There is also something called International Widows Day.
The purposes of both of these days is to A: acknowledge widowed people B: be kind to widowed people C: spread awareness about how widowhood affects a persons life, and how, in some parts of the world, widows are even looked down upon or in danger.
So, I do understand why these days exist.
But, they also make me feel really awkward.
Like, “Hi, Im a widow. This is my day! Please be nice to me today. “
I feel as if perhaps I should put on my black veil, pet some cats, knit some afghans, and act extra weepy today.
What would be super cool is, if on this day, everyone would give me cake and cookies and things involving gravy and none of it would make me gain any weight and I could eat whatever I wanted the whole day because its Widow Day.
Maybe people could toss cash my way, just because, and then I could take a trip to Italy or Australia like Ive always wanted.

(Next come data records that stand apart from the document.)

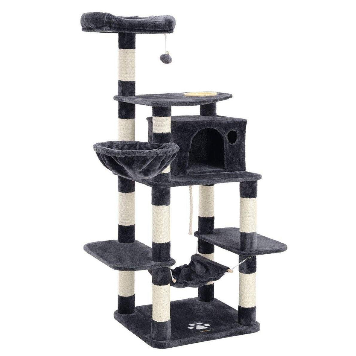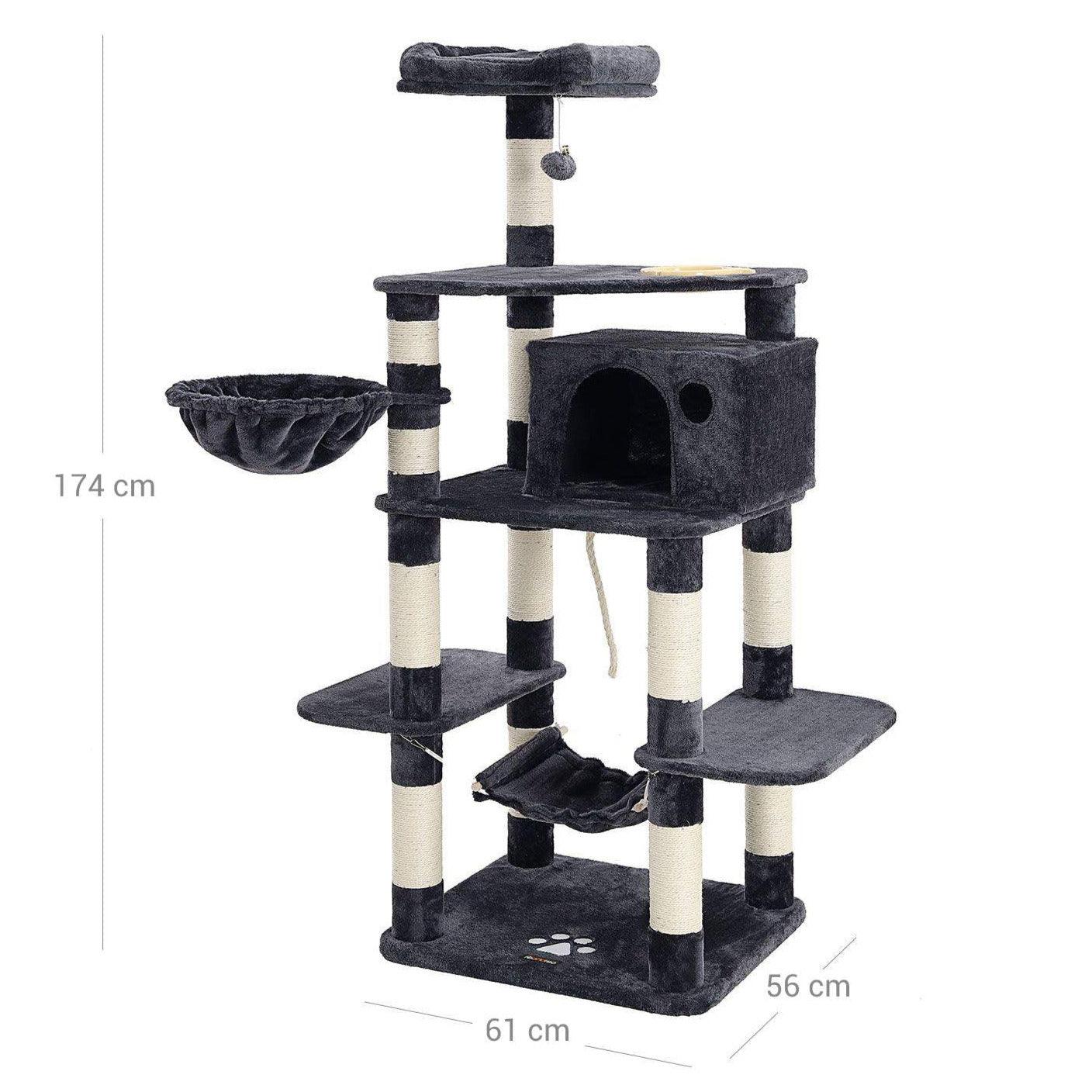 Arbre à chat hauteur de 174 cm multi-niveaux avec bol panier niche maison de jeu meubles pour chatons chats et félins couleur grise cendrée 12_0001180
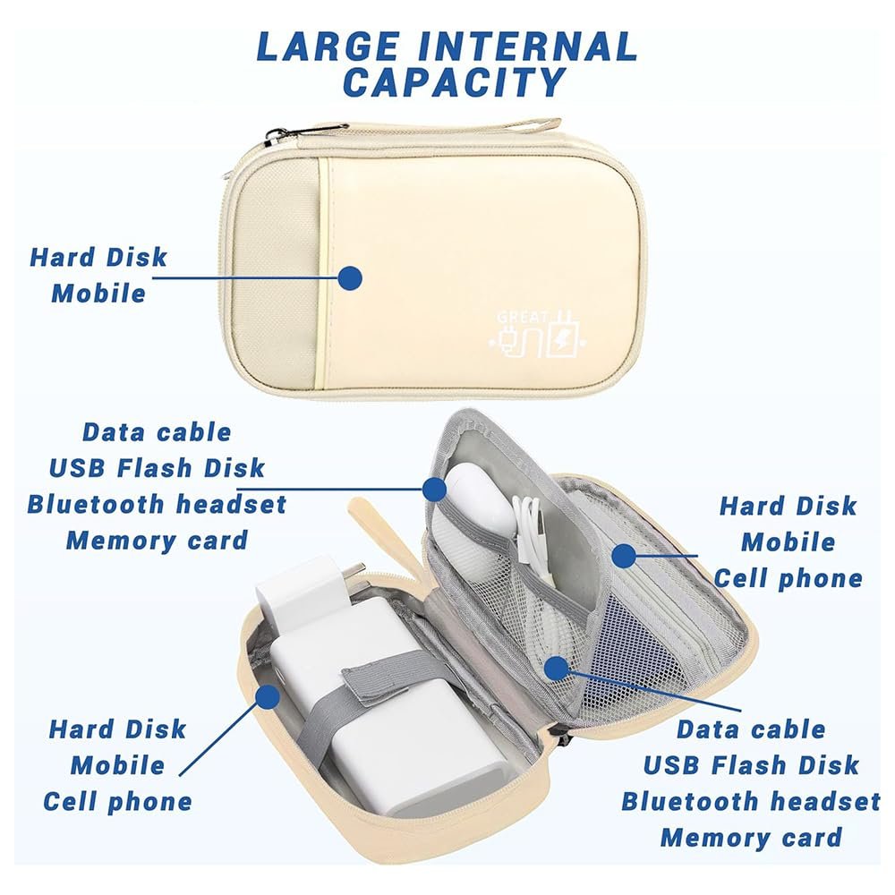 oddpod™ Pu Leather Electronic Gadgets Organizer Bag for Travel/Portable Waterproof All-in-One Storage Case for Cable, Cord, Charger, Phone, Hard Drive and More – Small (Begie)
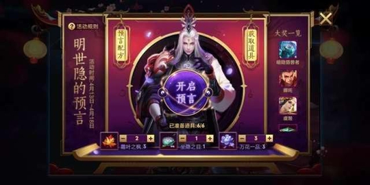 这里只要三样物品都加起来够6个就可以点击开启预言了,并不是说要每个物品都是等同的数才能开启。最让玩家想要等到的就是兰陵王的这款皮肤了。应该也是最有价值的奖品(兰陵王的上场几率视乎不高吧)。
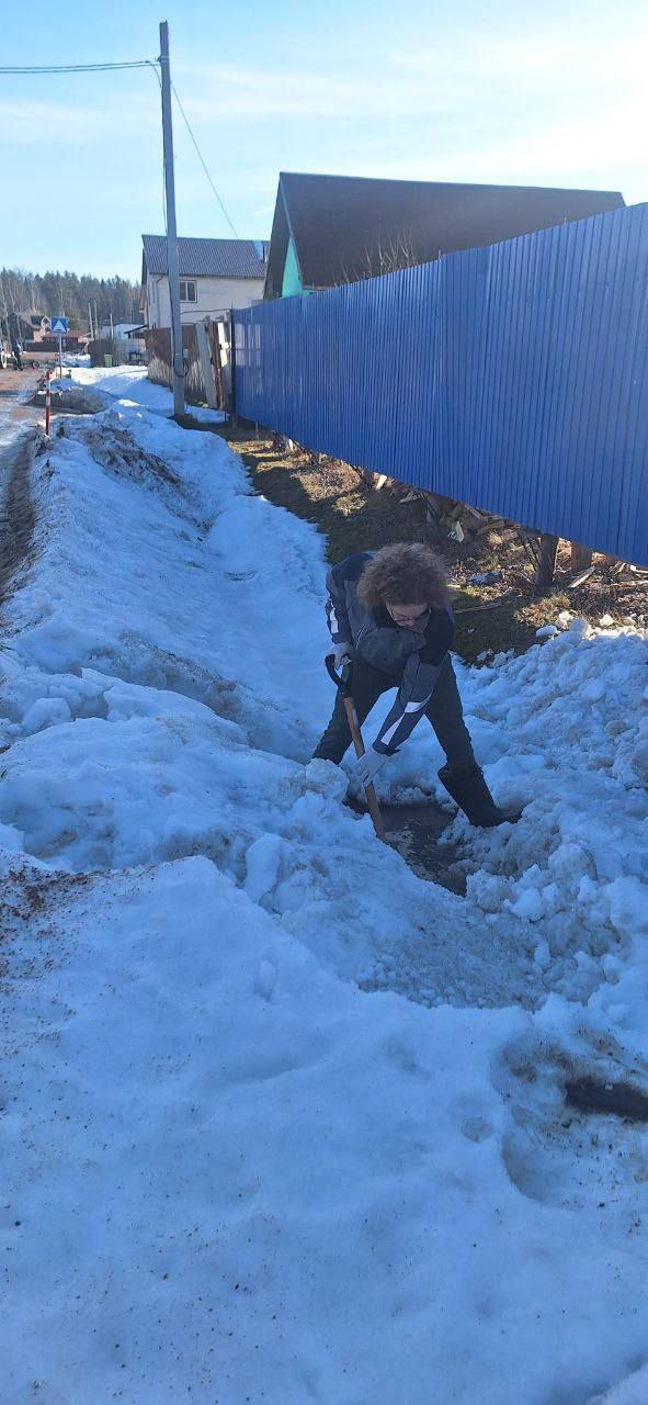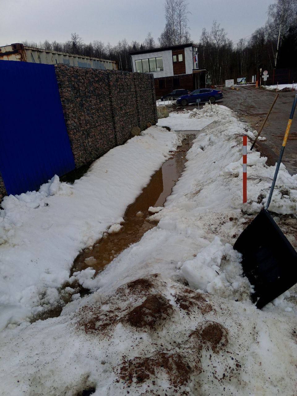 Откопана дренажная канава от снега в коттеджном посёлке Кокосы на участках 308–244 (устранён затор).
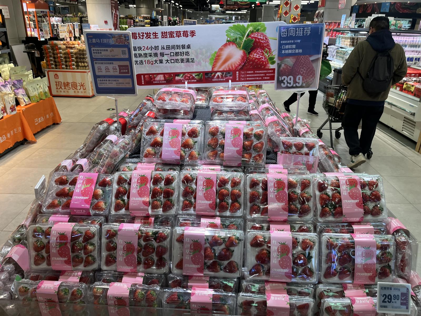 盒马鲜生复悦里店的货架上,一盒盒包装精致、色泽红润的草莓稳稳占据“C位”,货架上方“口感软糯·本地限定基地”的海报格外吸睛。300克盒装红颜草莓mini果标价25.8元,同规格章姬奶油草莓售价39.9元,这两款热销鲜果的供应商,均为南通天采果蔬种植有限公司。
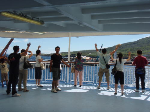 ≪かめりあ丸≫乗り込んだ一同、離れていく方々に精いっぱい手を振ります。
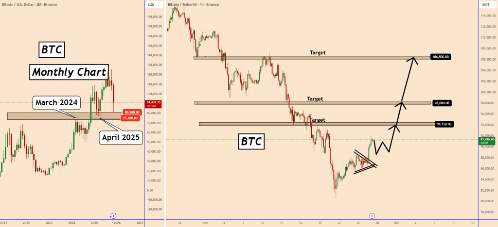 بیت کوین به یک محدوده حمایتی مهم و بلندمدت بین ۷۵,۱۰۰ تا ۸۰,۸۰۰ رسیده، ناحیهای که قبلا تو مارس ۲۰۲۴ و آوریل ۲۰۲۵ در تایم فریم ماهانه یه حمایت قوی بود.

I wish we didnt need a Widows Day. I wish it werent necessary. I wish that people would just be nice to widowed people and acknowledge us every day, because thats a really nice thing to do. And some people do. But others dont. Others will still always tell us to get over it and move on, and why arent you better yet, and all that fun stuff. Those people wont change their ways on National Widows Day. They will keep being insensitive and rude, and speaking about things they dont really know about. Maybe we should have National Insensitive / Rude People Day, where we get to call out all the rude people anonymously, and they would all be forced to take a course in how to treat people better.
But thats not a thing. Widows Day is a thing.
I dont know what the point of this post is.
Happy National Widows Day.
ps. I should at least get a paid day off!